M de Saulcy (1807-1880) dont je vous propose aujourd'hui
un ouvrage à la vente a eu la remarquable idée de recueillir les médailles de
toute nature qui ont paru du 24 février au 20 décembre 1848, et il en a rassemblé plus de cinq cents. Il a fait plus ; il a fait des gravures de toutes les pièces
recueillies, dont il a soin d’indiquer le caractère et l’origine. Cette
publication est assurément l’une des plus amusantes qui aient paru sur une
époque qui ne l’était guère... C’est que l’auteur ne s’est pas borné à recueillir
les pièces officielles et sérieuses, mais qu’il a recueilli avec le même intérêt
toutes ces pièces éphémères, ces clichés en alliage, en étain, en plomb,
frappés seulement à un très petit nombre d’épreuves, témoignages de
l’admiration naïve de quelques-uns, de la mauvaise humeur ou de la colère de
quelques autres, et dont la plupart ont pour objet de ridiculiser de
détestables passions et de bafouer tous ces grands hommes d’un jour.
Jamais, dans aucun temps, le comique et le grotesque
n’ont fait une pareille invasion sur le terrain neutre de la numismatique.
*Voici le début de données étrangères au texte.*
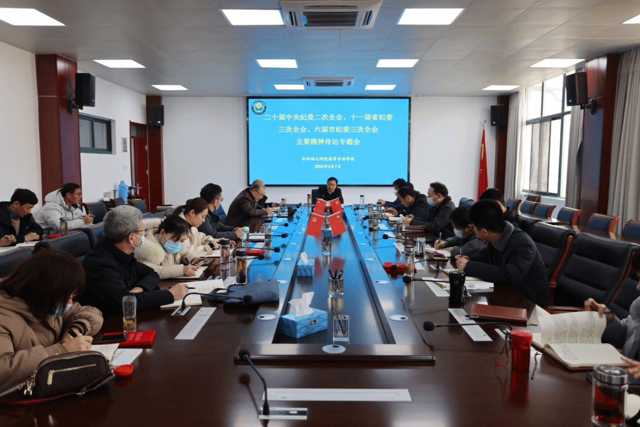 会上,校纪委副书记、监察室主任郑长胜传达了习近平总书记在二十届中央纪委二次全会上的重要讲话精神和省委书记郑珊洁在十一届省纪委三次全会上的讲话精神。通报了市纪委六届三次全会召开情况,传达了市委书记孙正东全会上的重要讲话,领学了市委常委、市纪委书记章绍伟在全会上题为《深入学习党的二十大精神 一刻不停推进全面从严治党 为加快建设现代化美好阜阳提供坚强保障》的工作报告。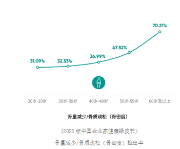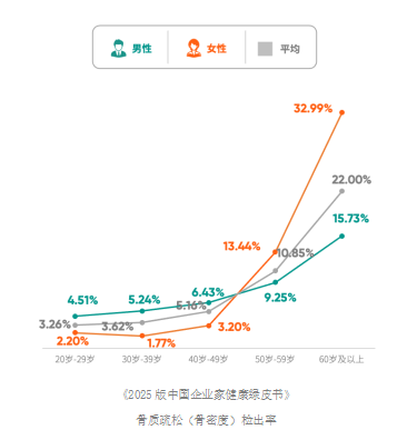 从50岁开始,女性企业家的骨质疏松(骨密度)检出率高于男性,60岁及以上的检出率为32.99%,高于同年龄段男性的2倍,每10人中就有超过3人骨头变“脆”,与这一年龄段的女性雌激素水平缺乏有关。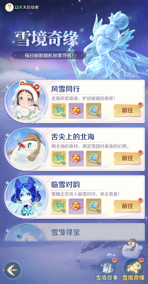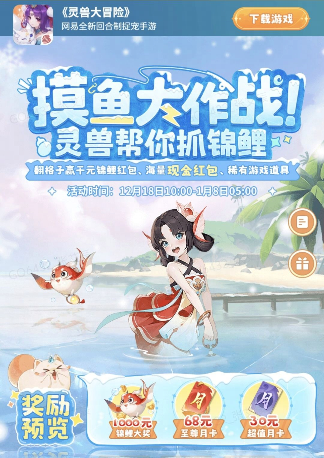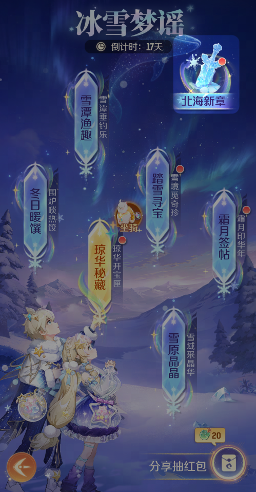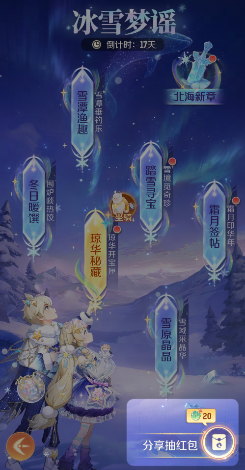 哈啾~灵兽师们好呀! 寒冬将至,灵兽三界也迎来了新的变化 一夜之间风雪满长安 12月18日【冰雪节】新版本即将重磅开启! 全新地图【北海】解封 【冰雪梦谣】活动暖心上线! 策划也将在东北查干湖真·冰钓打工, 直播与灵兽师们线上面对面沟通! 快随本鸟一起裹紧小棉袄,先睹为快啾! 全新时装坐骑登场 极光星语 · 男 碎金短发映星冕,极光流彩绘华服 漫天星斗落肩头,璀璨银河绕身旁 极光星语 · 女 绮梦星裙缀流光,霜雪轻抚少女颜 金丝漫卷扬星屑,踏歌漫舞极昼间 坐骑 ·?羊绵绵 绒绒暖意御寒霜,闪耀星辉颈畔扬 呆萌灵兽踏云至,满载星河入梦乡 全新地图 · 北海 这里,并非寻常意义上的极寒之地。 一夜之间,冰雪越过城墙,覆满长安街巷,那片被封印百年的海域,正顺着命运的裂隙苏醒。百年前,灵兽院院长与神女联手,以补天剑为锁,将修罗恶念与北海一同封存冰下。 如今,封印松动,烛龙残骸躁动不安。唯有被选中的天命之人,方能踏入这片被遗忘的冰封之地。在这里,冰雪之下埋藏着灵兽院遗民的过往,也等待着你去揭开那段未完的故事。 全新玩法&冰雪节系列活动 雪潭渔趣 灵兽师前往新地图北海的专属钓鱼点 即可开启全新冰钓玩法! 这里不仅有全新的珍稀冰钓鱼种等你收集,更有传说中的北海鱼王限时出没!北海鱼王将在特定时段巡游渔场,并带来大量稀有鱼群! 快集结你的钓友,一起征服这片冰蓝水域吧! 北海新章 霜雪已扫径,星辉正引灯 北海新章将启,灵兽师可每日点击活动主界面右上角【北海新章】,解开北海尘封已久的故事与秘闻! 你可以体验在五天内陆续解锁的【雪境故事】,步步深入北海; 还有每日随机刷新、可供探索的【雪境奇缘】,了解北海秘闻! 绑定仙玉、通宝奖励等你拿哦~ 霜月签帖 霜月呈祥,日签纳福 活动期间每日登录游戏 即可逐步解锁各档签到好礼 八荒遗风、高级藏宝图等你拿~ 踏雪寻宝 踏雪寻踪,晶石换礼 完成任务获取活动代币【冰晶石】 可在商店兑换各类珍稀道具 活动道具商店 通过购买商品可逐步解锁,切勿错过! 冬日暖馔 冬日暖心,饺子传情 每日亲手包饺子,寻找专属幸运味道 累计吃饺子 可领高级藏宝图、专属徽章等奖励 每日吃幸运饺子还有额外奖励! 包出高品质饺子 别忘了分享给帮派好友共尝鲜! 雪原晶晶 雪原探矿,挑战守卫 每日在北海地图 限时刷新晶矿守卫与冰晶石 采集冰晶矿或组队挑战守卫 赢取丰厚【冰晶石】 全帮协力收集,次日全员共享分红大奖! 特别企划 · 灵兽策划冰钓打工 12月18日 中午12:00 锁定官方抖音直播间! 看广东策划勇闯北方 挑战零下极寒冰钓! (本鸟很担心他们会被冻成冰雕啾...) 直播期间更有冰雪节时装等超多福利派送 千万不要错过这场“冻”感十足的直播! 冰雪奇缘,邀你共赴! 网易灵兽大冒险 福利活动 · 摸鱼大作战! 灵兽冰雪季,摸鱼大作战! 12月18日 版本更新后 点击【冰雪梦谣】活动主界面 右下角分享按钮 即可前往【摸鱼大作战】活动页面 完成任务,即可翻格子抽取 1000元锦鲤大奖与海量现金红包! 还有海量高级藏宝图、八荒遗风 通宝等好礼等你来拿哦! 12月18日,让我们相约北海,不见不散~ 打工鸟要去买暖宝宝准备看直播了啾~ 灵兽师们记得穿厚点来玩哦! |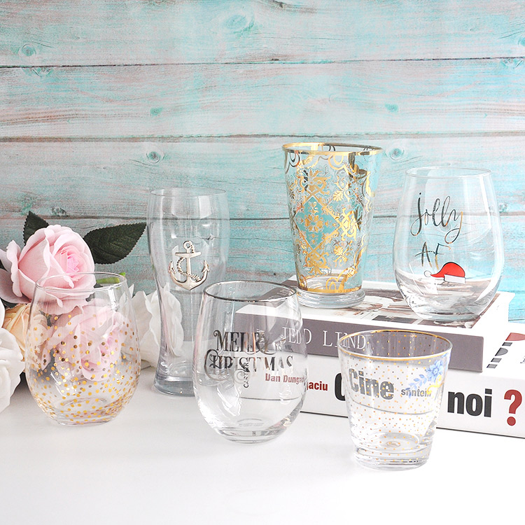 Clear glass personalised clear glass stemless white wine glasses customize, we can customize the logo, color, handle color/length, wine glass diameter, base width, etc. You can provide the size data of the wine glass you want, and we will produce it according to the data you provide.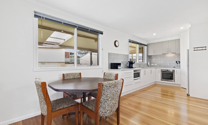 Indented Head is a great holiday destination, away from the hustle and bustle of daily life. Park the car, walk through the door relax, make yourself at home in our 3 bedroom holiday home. Relax in the lounge on the comfy couches, play some board games with the kids, or pop out into the large fully enclosed backyard ideal for that game of cricket, football or to just sit under the shade of the Wattle tree. The beach is 100 metres away so slip on your beach clothes, grab the bucket and spades to spend an idyllic break making family memories that last a life time.

Il
semble que l’on veuille remplacer par l’épigramme ou la moquerie les flatteries
d’autrefois... Aussi n’a-t-on jamais compté un pareil nombre de ces pièces
singulières, que l’on peut considérer comme autant de satires ou de caricatures
métalliques.
Si beaucoup des
médailles de la Révolution de février nous montrent la république de 1848
triomphante et dans toute sa gloire, d’autres nous montrent ses malheurs et ses
infirmités. L’une de ces dernières a été frappée à l’occasion des journées de
juin. D’un côté, on lit au centre d’une couronne d’ossements recoupée en croix
par quatre têtes de mort placées sur deux os en sautoir 1848. État de siège,
transportation des insurgés de juin, et alentour de la couronne, écrit au
rebours : République des honnêtes gens. Au revers, on voit la même
couronne entourée de grosses larmes ; au centre : 1848. État de siège,
misère.
À la suite des
journées de juin, beaucoup de médailles ont été frappées avec les balles de
l’oppression comme autrefois avec les chaînes de la tyrannie. Les
unes portent : Journées de juin 1848 : du pain ou du plomb. —
Liberté ou la mort. — Vive Barbès ! Avec cette légende au
revers : Modèle de balle en usage dans les guerres civiles, venant d’outre-mer.
Parmi les
monuments numismatiques les plus curieux de la révolution de février, nous
citerons surtout les médailles des clubs : toutes ont un caractère plus ou
moins anarchique. Nous signalerons dans le nombre celles du club des voraces,
des sans-culottes de la Croix-Rousse, des démocrates des faubourgs, des
travailleurs de Reims, de la société des droits de l’homme, du club des clubs,
etc… Le club des femmes a aussi ses médailles, dont l’une représente la
présidente à la tribune prononçant cette curieuse phrase disposée en
légende : C’est nous qui faisons l’homme, pourquoi n’aurions-nous pas
voix délibérative dans ses conseils ? C'est vrai ça ! A peine un
siècle plus tard - le temps d'une saine réflexion - la République leur accordait donc légitimement le droit de
vote… Pierre
SAULCY (F. de).
Souvenirs numismatiques de la
révolution de 1848 ; recueil complet des médailles, monnaies et jetons qui ont
paru en France depuis le 22 février jusqu'au 20 décembre 1848. Paris, Chez J Rousseau, s.d. Un
volume grand in quarto (21/28). 111 pages + 60 planches. Reliure demi-basane
cerise, dos à nerfs, roulette sur les nerfs, pièce de titre, gardes colorées.